MATERIAL PROVIDED
+ + + + + + +

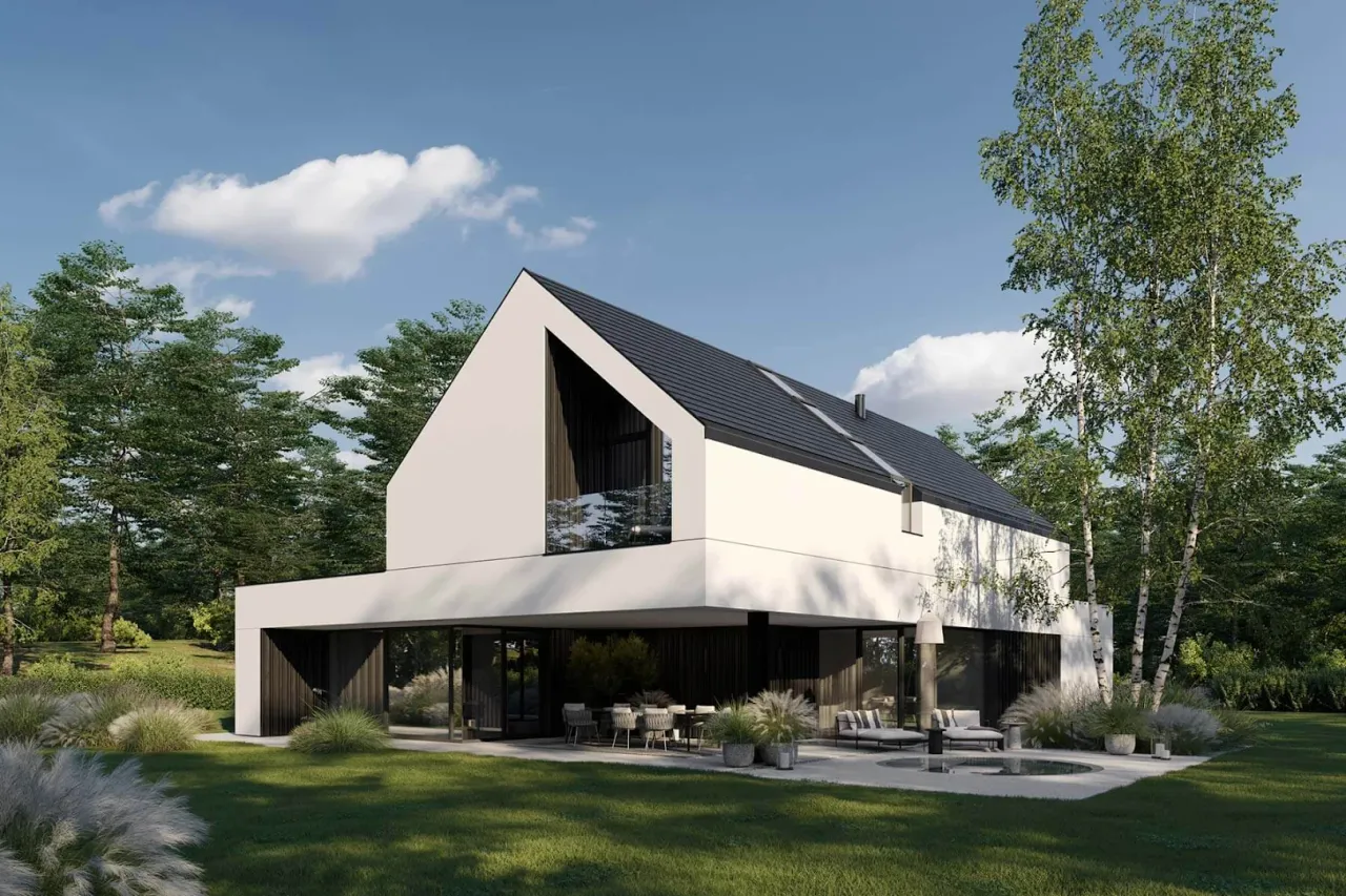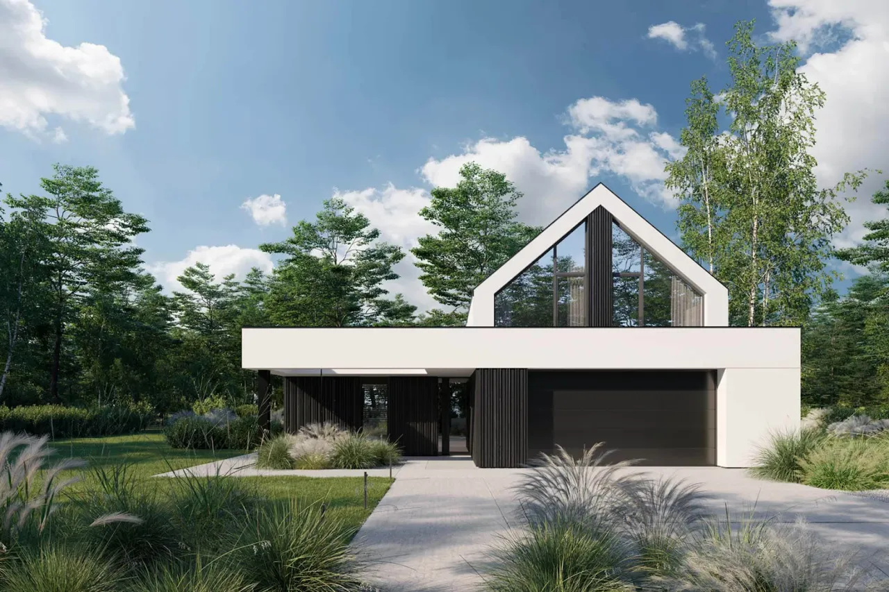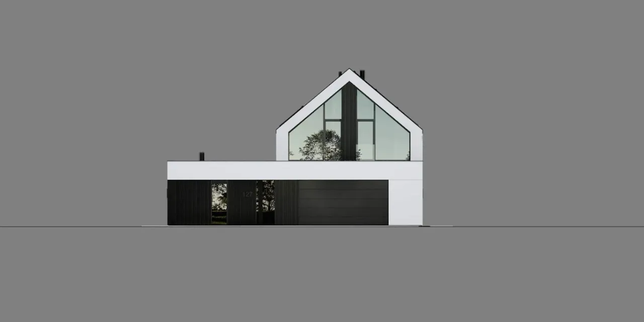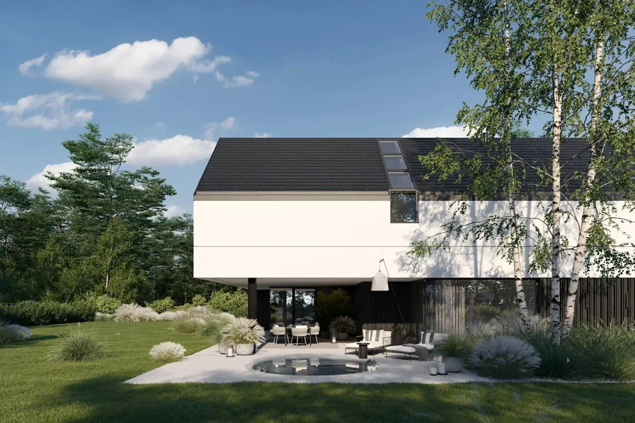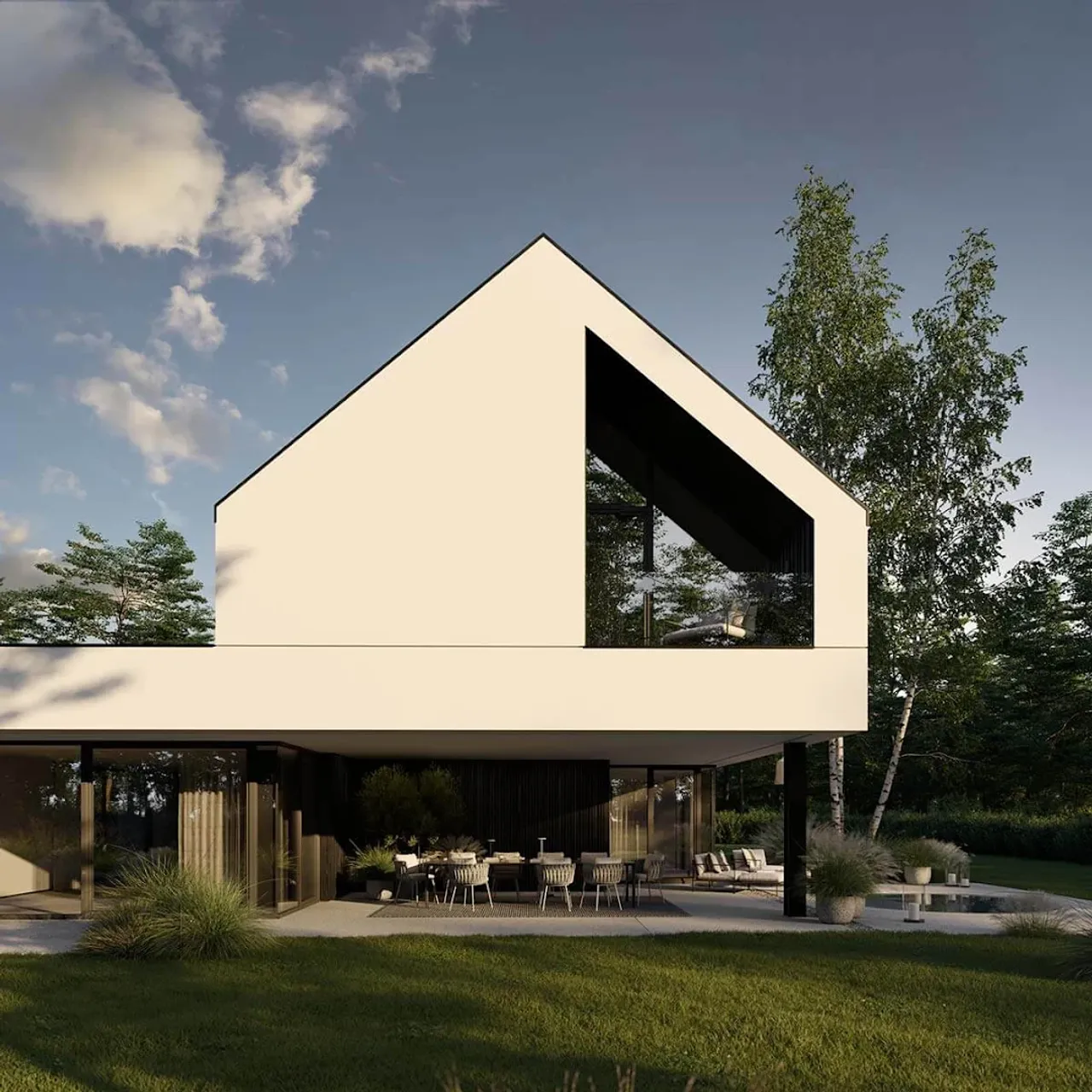 - Elewacja: tynk silikonowy połączony z deską elewacyjną.
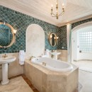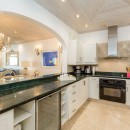 Just indoors, through the massive archways, is the open floor plan living space. A visual delight, it is decorated in a pale palette that bursts with pops of color from the high-end furnishings and art that have been put to use. The large and formal living room includes oversized chaise lounges, an entertainment system, and several large sofas for hours of relaxation. This area leads into the dining area and then to the kitchen. Arched openings ensure that you don't miss a thing even in the midst of preparing snacks or food. Of course, visitors can enjoy the services of their own cook as well as a housekeeper, butler and manager.
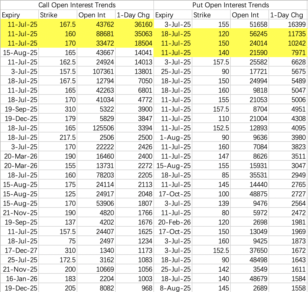 Bullish positions: Institutions are selling calls at 160 and 162.5, while hedging by buying 167.5 and 170 calls.
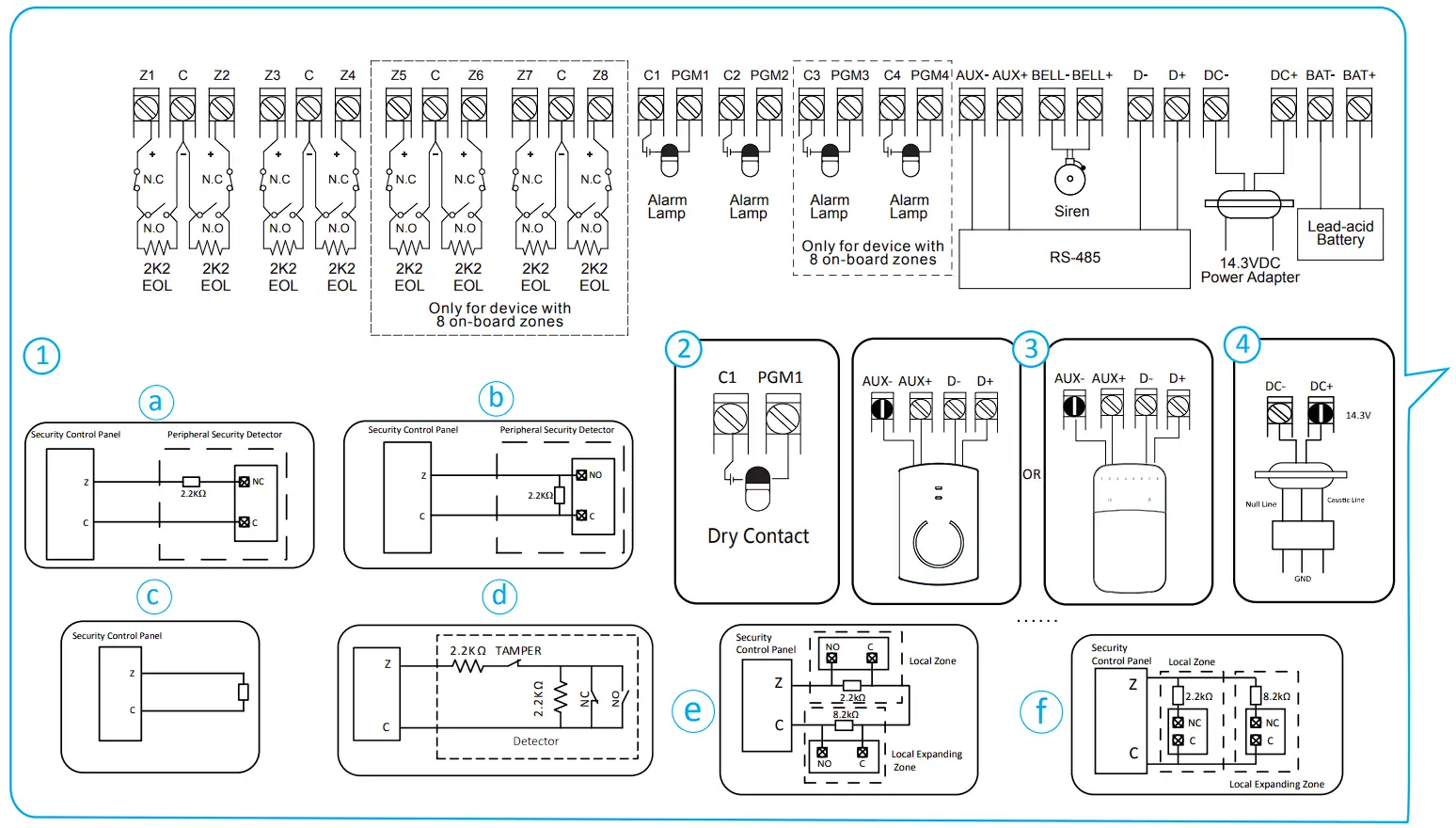3. RS-485 Wiring: Wireless Receiver , keypad, etc,.

+ + + + + + +

WHAT IS REQUIRED
Quote, please, every line of the material above from its start through the line that has "Bullish positions: Institutions", reproducing the words exactly and dropping any images.

RESPONSE AREA
 - Elewacja: tynk silikonowy połączony z deską elewacyjną.
 Just indoors, through the massive archways, is the open floor plan living space. A visual delight, it is decorated in a pale palette that bursts with pops of color from the high-end furnishings and art that have been put to use. The large and formal living room includes oversized chaise lounges, an entertainment system, and several large sofas for hours of relaxation. This area leads into the dining area and then to the kitchen. Arched openings ensure that you don't miss a thing even in the midst of preparing snacks or food. Of course, visitors can enjoy the services of their own cook as well as a housekeeper, butler and manager.
 Bullish positions: Institutions are selling calls at 160 and 162.5, while hedging by buying 167.5 and 170 calls.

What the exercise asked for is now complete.